Ive been getting all kinds of answers to this question.

I found a deal on a couple S&W that came with a bunch of ammo and the 38S&W was some of the ammo and i was confused. Although it fits in the cylinders its much shorter than a 357 0r 38 special round.


----------



## Drm50 (Dec 26, 2014)

Redheads said:


> Ive been getting all kinds of answers to this question.
> 
> I found a deal on a couple S&W that came with a bunch of ammo and the 38S&W was some of the ammo and i was confused. Although it fits in the cylinders its much shorter than a 357 0r 38 special round.


Are you sure it’s not 38S&W Special? 38 S&W should not chamber in 357mg. It is not near as powerful but bullet Dia is .360” compared to .357”. Most 357s & 38s won’t accept it.

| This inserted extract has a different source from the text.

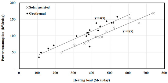Figure 11 shows the daily power consumption for the GSHP-only and solar-assisted GSHP operation conditions. For comparison, the daily power consumption was reviewed according to the heating load after 13:00, that is, when the daily solar heat connection operation was possible. As the daily heating load increased, the power consumption increased almost linearly, and the solar-assisted operation resulted in a lower power consumption than that in the case of the GSHP-only operation.

I have seen 38S&W loaded in 38sp/ 357 dies and that will make a “short”.
Picture shows Remington 38S&W in S&W 357. Checked Winchester brand too. It doesn’t chamber. I just had brain storm. One of those S&Ws may be a 38S&W caliber. They made it for years and discontinued in 70s I think. WW2 British military used 38/200 which is same as 38S&W. Pic worth


----------



## Redheads (Jun 9, 2008)

Drm50 said:


> Are you sure it’s not 38S&W Special? 38 S&W should not chamber in 357mg. It is not near as powerful but bullet Dia is .360” compared to .357”. Most 357s & 38s won’t accept it. I have seen 38S&W loaded in 38sp/ 357 dies and that will make a “short”.
> Picture shows Remington 38S&W in S&W 357. Checked Winchester brand too. It doesn’t chamber. I just had brain storm. One of those S&Ws may be a 38S&W caliber. They made it for years and discontinued in 70s I think. WW2 British military used 38/200 which is same as 38S&W. Pic worth
> View attachment 461587


I guess i could have been a little clearer with my question.....Sorry for the confusion.

Both guns i picked up were S&W...model 27 and model 28 highway patrolman...Both 357 on the N frame ....With those two guns came a bunch of ammo and the 38SW was part of the ammo.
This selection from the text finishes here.